This post is all about my silly-k project: a small experimental K-like, APL inspired, nanopass compiled, language targeting Malfunction. The code lives on GitHub and the tests are run by Travis.

The a posteriori motivation for the language is summarized into these two points:

performance of recursive algorithms should be similar to the ML-family
have syntax similar to K but be compiled to a native runtime making no use of type-checks

Disclaimer The silly prefix is used to indicate that the language is a fun experiment, and to indicate, by way of contrast, the amazing nature of APL and K.

Background

I wanted to implement a language with:

a compiler in the nanopass style
simply typed lambda calculus
Malfunction
type-inference (in particular I wanted to use the Hindley-Milner style type reconstruction I read about in TaPL §22.4)
APL/J/K inspired syntax

The harmony between these chosen goals was not taken into account a priori, that was part of the adventure!

Malfunction is what you get when you cut the OCaml's compiler in half and put a simple lambda calculus-like syntax in front. You thus get the optimization, code-generation and all of OCaml's ecosystem with an easy to target language for your compiler.

Malfunction's input language is based on s-expressions, so I thought: why not write the compiler in Scheme using the nanopass-framework.

Before writing the compiler I had just read the book The Reasoned Schemer about miniKanren so Scheme was the language I was learning at the time, I had barely used it before reading that book.

During spring this year I got quite fed up with coding in the industry's JSON in, JSON out where all code seems intellectually useless.

The only remedy that worked was APL. Introduced to me by my friend and colleague inrick (thank you for suffering through all the silly-ness!). He also showed me K and J, preferring K himself.

For reference, here are some implementations of the mentioned languages:

Dyalog APL, which is very well documented
J, a related language created by Iverson, here's its vocabulary
The official K, closed source (but it's the real thing!)
Kona, open source with a well stocked wiki
oK, open source, can be run in the browser

The code density is absolutely amazing, finally I can read the code without hurting my wrists, straining my memory or being forced to use an IDE. On this note I highly recommend checking out this talk by the author of co-dfns, and in particular the points he makes about tools and complexity and the benefits of the high semantic density (of APL).

I was hooked immediately, and its legacy can't be disputed nor its power.

I started writing my solutions to Project Euler using Dyalog APL, and with just about 6 lines of code per solution it was an enormous contrast to my everyday job writing Scala, which, though terser than Java, you're strained to write anything other than Hello World using 6 lines of code. The fun part was that it wasn't even difficult to solve the problems, often the solution could be read verbatim without jumping around in the source code, and the speed with which one can translate an idea into code is amazing.

Clearly Iverson was on to something.

Enter the K language, which is a spiritual successor to APL, featuring (among many many things) heavily overloaded operators. My idea was to use the type-inference to resolve the overloading, so that the runtime code does not have to do any type-checks.

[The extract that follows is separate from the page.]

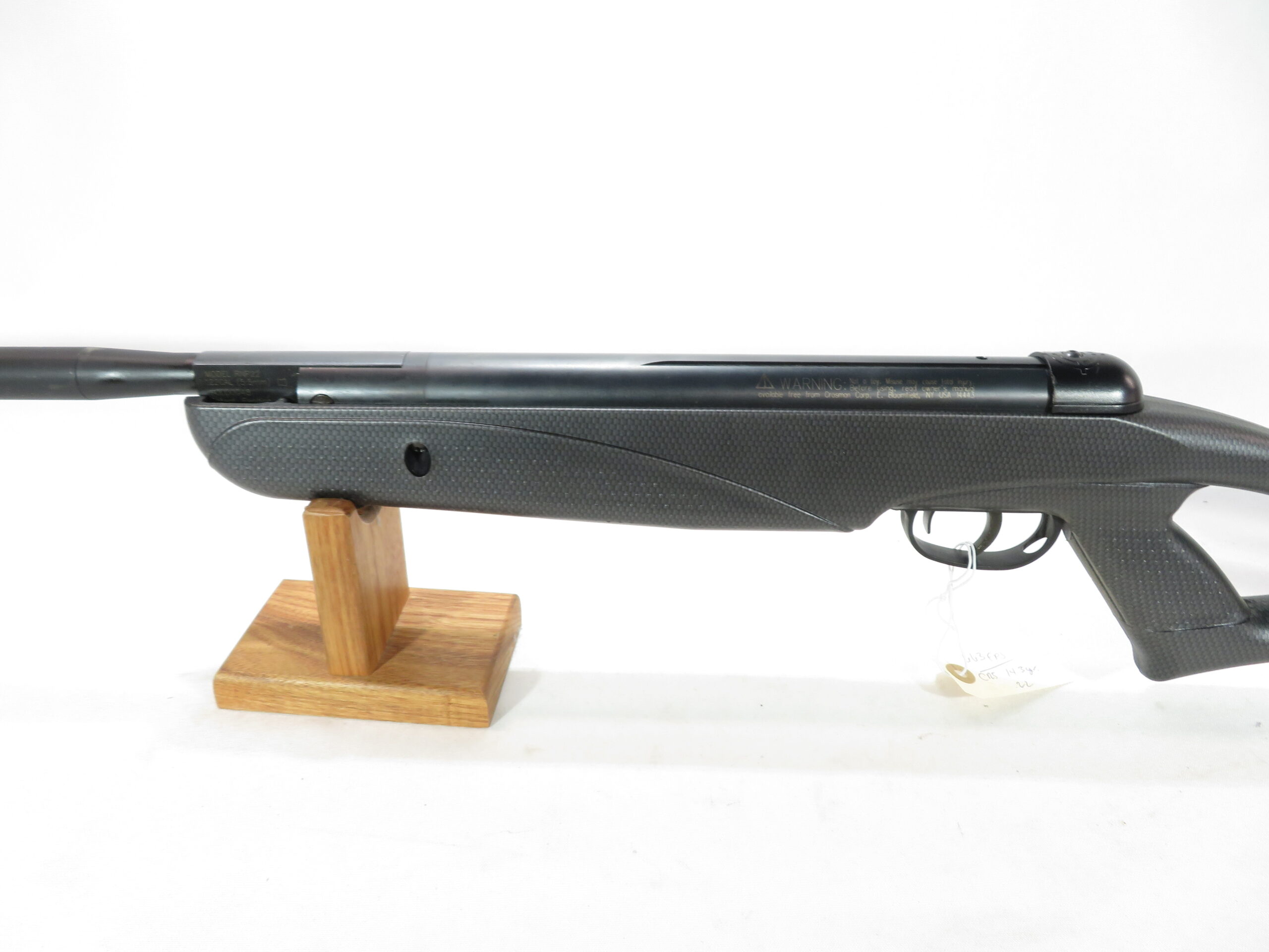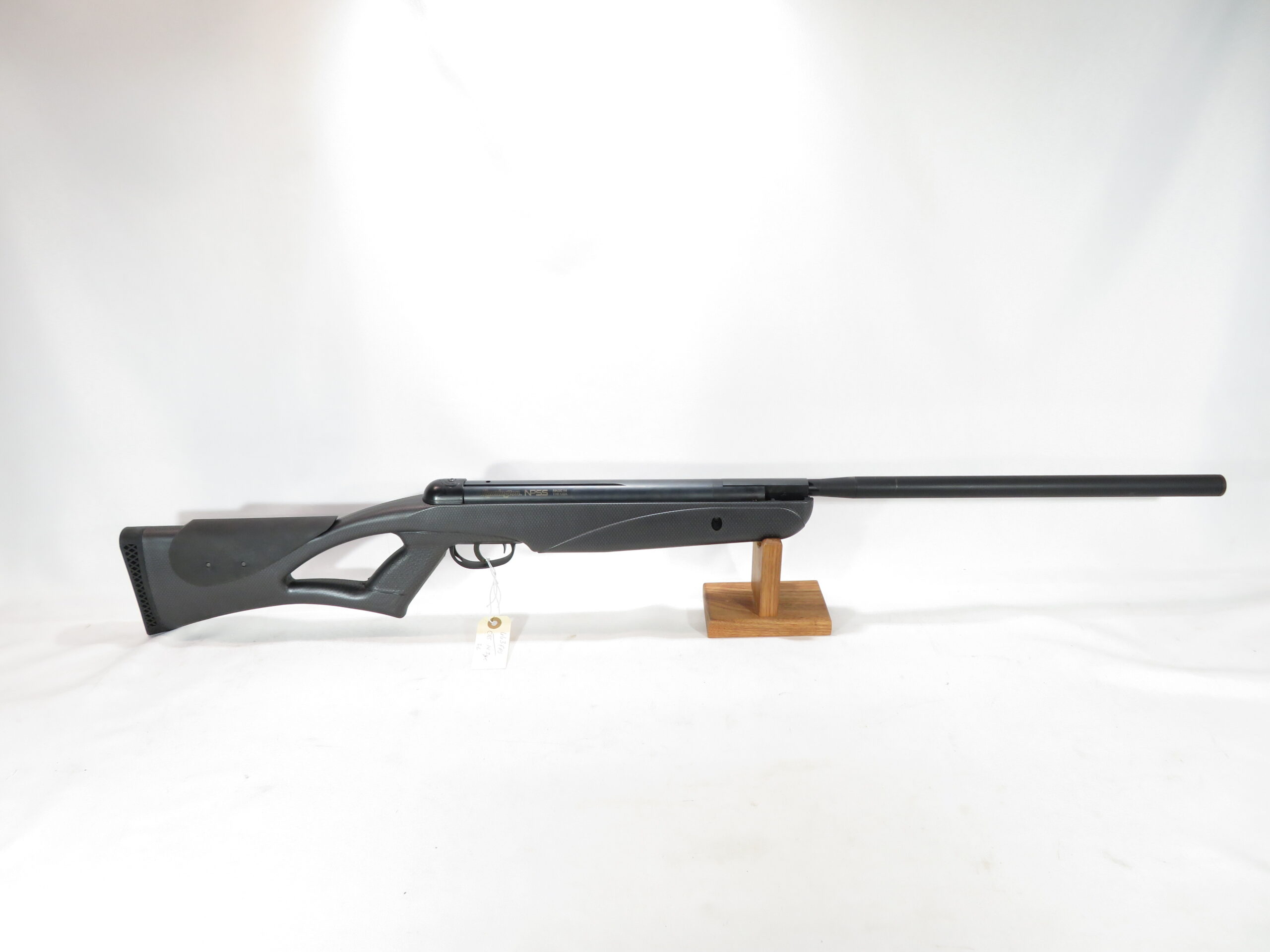 The Remington NPSS is a single shot single shot, gas-piston, break barrel pellet rifle with carbon fiber style stock. Optics include an 11mm dovetail scope rail.

However, my thinking processes are still recursive and haven't yet fully adapted to a vector based mind-set.

Case-study: Naive Fibonacci

I was surprised the naive Fibonacci algorithm had such atrocious performance in K:

fib:{$[x<2;1;_f[x-1]+_f[x-2]]}

Of course it's not a good algorithm to start with, nor very suitable to evaluate in an array focused language. But when I went back to Haskell or OCaml or C, they all allowed me to be naive for a while. On my laptop it took about 8 minutes for fib 44 to terminate in K, compared to around 4-5 seconds in the other languages I tried.

At this point I thought, what might be going on here? I then tried the same code in Python, which terminated after about 4 minutes. One hypothesis is that it's the interpretative nature of K and Python that make them so slow. That seems to be part of the explanation for Python at least, with pypy the time was 22 seconds. I also tried Chez scheme, which had just slightly worse performance (clocking in at 6 seconds). I'm thinking runtime type-checks does not impact performance in that magnitude.

Question then: what would be the performance of K if it were compiled? As far as I know, there's no compiling variant of K, and so that serves as part of the motivation for implementing silly-k.

The silly-k language

These are some of the intended features of the language:

compiled (via Malfunction)
interpreted (via Scheme backend)
anonymous functions in a dfns style with a and w as the ASCII counterparts for α and ω
overloaded operators that are resolved using type-inference during compilation
coercion of booleans to integers, meaning that you can for instance sum a vector of booleans
let-bindings with scoping rules similar to K's

The basic idea of translating the APL or K-like syntax is to transform the expression l{a+w}r into an intermediate form:

(apply (apply (lambda (w) (lambda (a) a+w)) r) l)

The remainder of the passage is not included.